Panorama: Castle of Tomar with the Convent of Christinside. The citadel with the keep is seen in the centre of the image and the round church (with a bell-tower) is to the right.

The castle of the Knights Templar of Tomar was built by Gualdim Pais, provincial Master of the Order of the Temple, around 1160. Later in that century, the castle was chosen as the headquarters of the order in Portugal. The castle of Tomar was part of the defence system created by the Templars to secure the border of the young Christian Kingdom against the Moors, which at the time (mid-12th century) corresponded approximately to the Tagus river.

The famous round church (rotunda) of the castle of Tomar was also built in the second half of the 12th century. The church, like some other templar churches throughout Europe, was modelled after the Dome of the Rock in Jerusalem, which was believed by the crusaders to be a remnant of the Temple of Solomon. The Church of the Holy Sepulchre of Jerusalem may also have served as model.

According to Christian chroniclers, the castle of Tomar resisted in 1190 the attacks of caliph Abu Yusuf al-Mansur, who had previously taken other Portuguese strongholds to the South. A plaque near the entrance of the castle church remembers the feat.

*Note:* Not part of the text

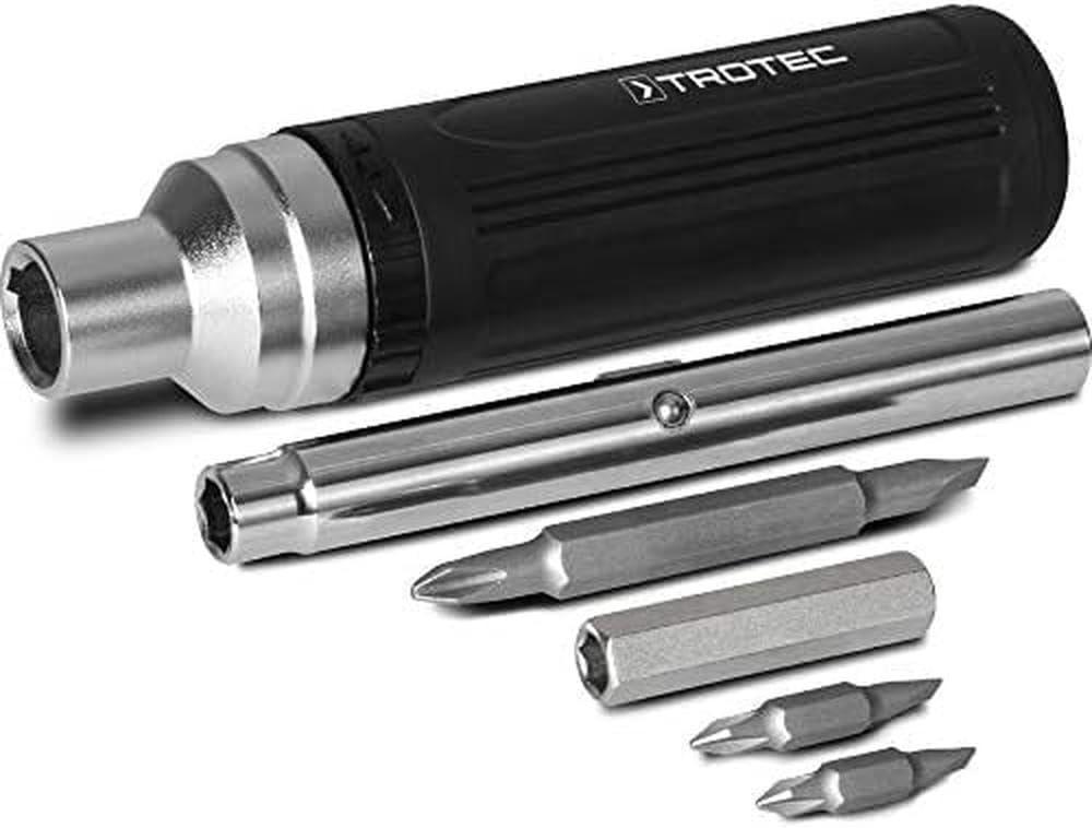 Viskas viename: tvirtas ir kompaktikas atsuktuvas su 6 antgaliais ir 3 eiakampmis galvutmisTvirtas, auktos kokybs ergonomikas atsuktuvas Trotec 9 IN 1 tiks vairiems buities darbams. Kad atsuktuvas tarnaut ilgai ir pateisint lkesius, plokio atsuktuvo antgalius (4 mm, 5 mm, 6 mm) reikt naudoti lengvesniems montavimo, surinkimo, medienos apdirbimo ar restauravimo darbams. Kryminio atsuktuvo antgalius (PH0, PH1, PH2) galima naudoti remontuojant dviraius, motociklus, elektroninius prietaisus. eiakamps atsuktuvo galvuts (1/4"", 5/16"", 3/8"") puikiai pasitarnaus dirbant su universaliais medienai arba metalui tinkaniais vartais.Taip pat galima urakinti atsuktuvo ranken, kad prireikus bt galima dirbti, kaip ir su standiu atsuktuvu. Rankena padengta guma, todl rank patogu valdyti.Privalumai:Ergonomikas atsuktuvas su 9 skirtingais antgaliais;360 rankenos sukimo kampas (minimalus grimo kampas 14,4);Paprasta antgali jungties sistema;Rankena padengta guma, todl rankis neslysta i rankos, patogu valdyti;Pagamintas i aukiausios kokybs ranki plieno;Pakeiia 9 atskirus atsuktuvus arba verliarakius.Technins savybs:Kryminio atsuktuvo antgalis: PH0, PH1, PH2;Plokio atsuktuvo antgalis: 4 mm, 5 mm, 6 mm;eiakamps atsuktuvo galvut: 1/4"", 5/16"", 3/8"

The Templar order was suppressed throughout most of Europe from 1312–1314, but in Portugal its members, assets, and partly its membership were transmitted to the Order of Christ, created in 1319 byKing Dinis. The Order of Christ moved to Tomar in 1357, which became its headquarters.

One of the most important Grand Masters of the Order was Prince Henry the Navigator, who ruled the Order from 1417 up to his death in 1460. Prince Henry gave great impulse to the pioneering Portuguese expeditions during the Age of Exploration. In the Convent, Prince Henry ordered the construction of various cloisters and other buildings. He also sponsored urban improvements in the town of Tomar itself.

Another important personality related to the Order was King Manuel I, who became Master of the Order in 1484 and King of Portugal in 1492. Under his reign there were several important improvements in the Convent, specially the addition of a new nave to the round church and its inner decoration with paintings and sculptures.

The successor of Manuel I, King John III, demilitarised the order, turning it into a more religious order with a rule based on that of Bernard of Clairvaux. He also ordered the construction of a new cloister in 1557, which is one of the best examples of Renaissance architecture in Portugal.

In 1581, after a succession crisis, the Portuguese Nobility gathered in the Convent of Christ in Tomar and officially recognised Philip II of Spain (Philip I of Portugal) as King. This is the beginning of the Iberian Union (1581–1640), during which the Kingdoms of Portugal and Spain were united. The aqueduct of the Convent was built during the Spanish reign.